Electronics/entertainment giant Sony plans to take its financial services unit public next fall.
The company announced the partial spin-off of Sony Financial Group (SFGI), a business that includes banking and payment services, as it released quarterly earnings on Wednesday (Feb. 14).
“Under the plan, Sony plans to distribute slightly more than 80% of its shares of SFGI to Sony’s shareholders through dividends in kind as a result of the spin-off, and to hold slightly less than 20% of shares of SFGI after the execution of the spin-off,” Sony said in its announcement.
Assuming Sony’s board approves this plan in May, the company intends to take its financial services operations public in October 2025.
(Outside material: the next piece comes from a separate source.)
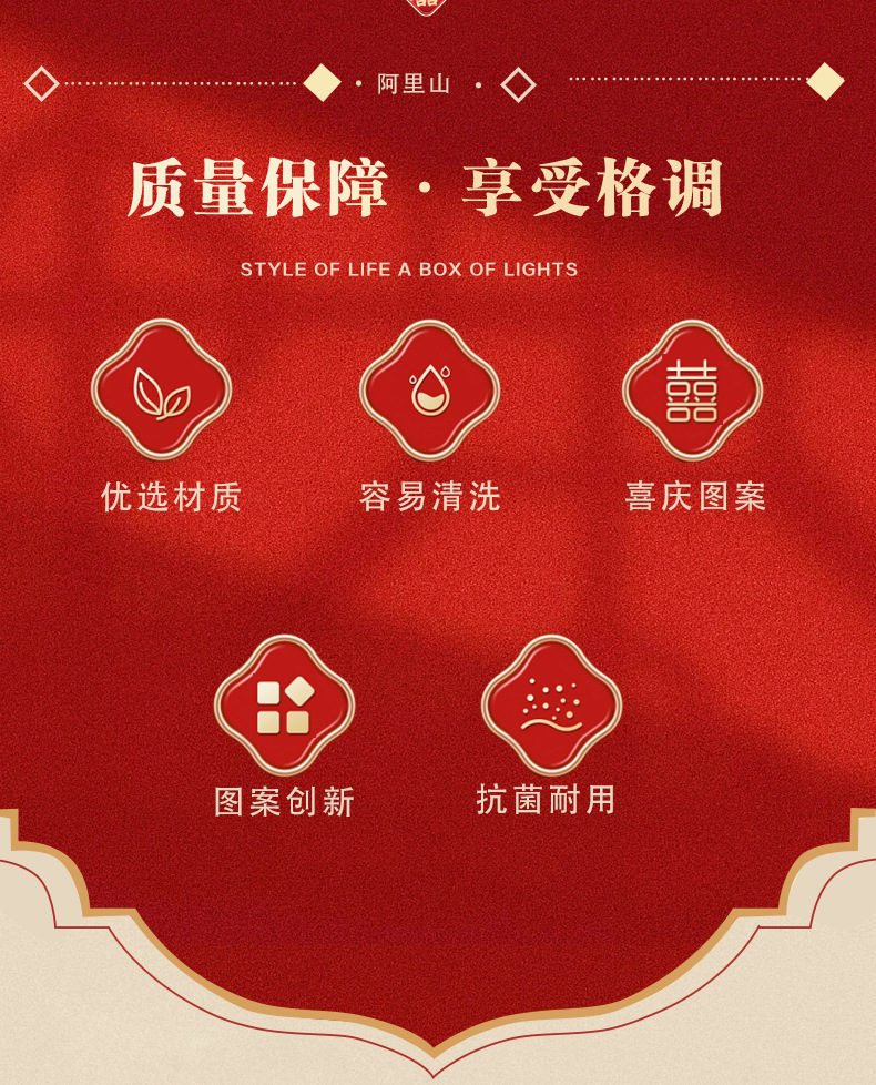 | Color | Individual y doble [embalaje simple-10 pares una bolsa OPP],Dos pares de Cielo y Tierra cubren Xi en caja [personaje Golden Xi],Cinco pares de felicidad en caja [eventos familiares felices],Diez pares de felicidad en caja [cien años de buen partido] |

The announcement came as Sony reduced its revenue outlook, projecting that sales of its lead product, the PlayStation 5 (PS5) gaming console would sell less than previously forecast.
“Looking ahead, PS5 will enter the latter stage of its life cycle,” said Naomi Matsuoka, senior vice president, per a report by Bloomberg. “As such, we will put more emphasis on the balance between profitability and sales. For this reason, we expect the annual sales pace of PS5 hardware to start falling from the next fiscal year.”
The company’s sales news is happening as consumers are spending less on nonessential purchases due to ongoing economic pressures.
The PYMNTS Intelligence report “Consumer Inflation Sentiment Report: Consumers Cut Back by Trading Down,” found that 69% have reduced nonessential spending on retail goods specifically because of high inflation. In addition, 41% of retail shoppers say this has been the most substantial change to their shopping habits.
The news follows reports from last month that Sony’s India unit was preparing to call off a $10 billion merger with Zee Entertainment due to an impasse over the question of whether Zee CEO Punit Goenka would continue to head the new company.
“Talks with Zee are not advancing, but we think India is a promising market with high growth potential over the long term,” Sony Chief Operating Officer Hiroki Totoki said on a call after the earnings report, per Bloomberg. “If there’s anything that can replace the Zee deal, we’d like to consider it actively.”